**Given records:**
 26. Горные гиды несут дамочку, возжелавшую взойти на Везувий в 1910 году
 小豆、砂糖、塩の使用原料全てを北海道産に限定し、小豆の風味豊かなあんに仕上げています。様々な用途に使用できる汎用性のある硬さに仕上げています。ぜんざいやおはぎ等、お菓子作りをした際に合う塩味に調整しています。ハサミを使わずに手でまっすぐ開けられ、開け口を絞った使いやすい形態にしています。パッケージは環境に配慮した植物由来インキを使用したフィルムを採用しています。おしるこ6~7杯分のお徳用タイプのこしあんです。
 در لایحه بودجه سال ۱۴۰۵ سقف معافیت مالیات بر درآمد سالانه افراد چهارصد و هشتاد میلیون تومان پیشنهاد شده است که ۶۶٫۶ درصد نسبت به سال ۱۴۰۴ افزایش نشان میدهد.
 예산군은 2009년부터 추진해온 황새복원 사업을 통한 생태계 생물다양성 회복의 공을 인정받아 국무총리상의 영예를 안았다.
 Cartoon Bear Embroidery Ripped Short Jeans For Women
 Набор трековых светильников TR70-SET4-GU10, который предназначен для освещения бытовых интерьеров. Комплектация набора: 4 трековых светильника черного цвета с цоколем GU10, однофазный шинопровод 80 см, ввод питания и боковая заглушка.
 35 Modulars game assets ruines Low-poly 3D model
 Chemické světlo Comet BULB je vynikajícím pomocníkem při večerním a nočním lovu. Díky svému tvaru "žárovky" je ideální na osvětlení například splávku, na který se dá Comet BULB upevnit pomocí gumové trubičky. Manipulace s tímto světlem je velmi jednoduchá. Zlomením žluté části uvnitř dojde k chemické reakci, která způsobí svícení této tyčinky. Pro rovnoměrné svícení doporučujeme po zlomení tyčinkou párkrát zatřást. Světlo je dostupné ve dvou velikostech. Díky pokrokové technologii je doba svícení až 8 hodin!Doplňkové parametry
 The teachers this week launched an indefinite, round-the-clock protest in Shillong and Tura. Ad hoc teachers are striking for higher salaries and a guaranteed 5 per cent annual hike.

**Try it:**
Reproduce the records above word for word.

**Response below:**
 26. Горные гиды несут дамочку, возжелавшую взойти на Везувий в 1910 году
 小豆、砂糖、塩の使用原料全てを北海道産に限定し、小豆の風味豊かなあんに仕上げています。様々な用途に使用できる汎用性のある硬さに仕上げています。ぜんざいやおはぎ等、お菓子作りをした際に合う塩味に調整しています。ハサミを使わずに手でまっすぐ開けられ、開け口を絞った使いやすい形態にしています。パッケージは環境に配慮した植物由来インキを使用したフィルムを採用しています。おしるこ6~7杯分のお徳用タイプのこしあんです。
 در لایحه بودجه سال ۱۴۰۵ سقف معافیت مالیات بر درآمد سالانه افراد چهارصد و هشتاد میلیون تومان پیشنهاد شده است که ۶۶٫۶ درصد نسبت به سال ۱۴۰۴ افزایش نشان میدهد.
 예산군은 2009년부터 추진해온 황새복원 사업을 통한 생태계 생물다양성 회복의 공을 인정받아 국무총리상의 영예를 안았다.
 Cartoon Bear Embroidery Ripped Short Jeans For Women
 Набор трековых светильников TR70-SET4-GU10, который предназначен для освещения бытовых интерьеров. Комплектация набора: 4 трековых светильника черного цвета с цоколем GU10, однофазный шинопровод 80 см, ввод питания и боковая заглушка.
 35 Modulars game assets ruines Low-poly 3D model
 Chemické světlo Comet BULB je vynikajícím pomocníkem při večerním a nočním lovu. Díky svému tvaru "žárovky" je ideální na osvětlení například splávku, na který se dá Comet BULB upevnit pomocí gumové trubičky. Manipulace s tímto světlem je velmi jednoduchá. Zlomením žluté části uvnitř dojde k chemické reakci, která způsobí svícení této tyčinky. Pro rovnoměrné svícení doporučujeme po zlomení tyčinkou párkrát zatřást. Světlo je dostupné ve dvou velikostech. Díky pokrokové technologii je doba svícení až 8 hodin!Doplňkové parametry
 The teachers this week launched an indefinite, round-the-clock protest in Shillong and Tura. Ad hoc teachers are striking for higher salaries and a guaranteed 5 per cent annual hike.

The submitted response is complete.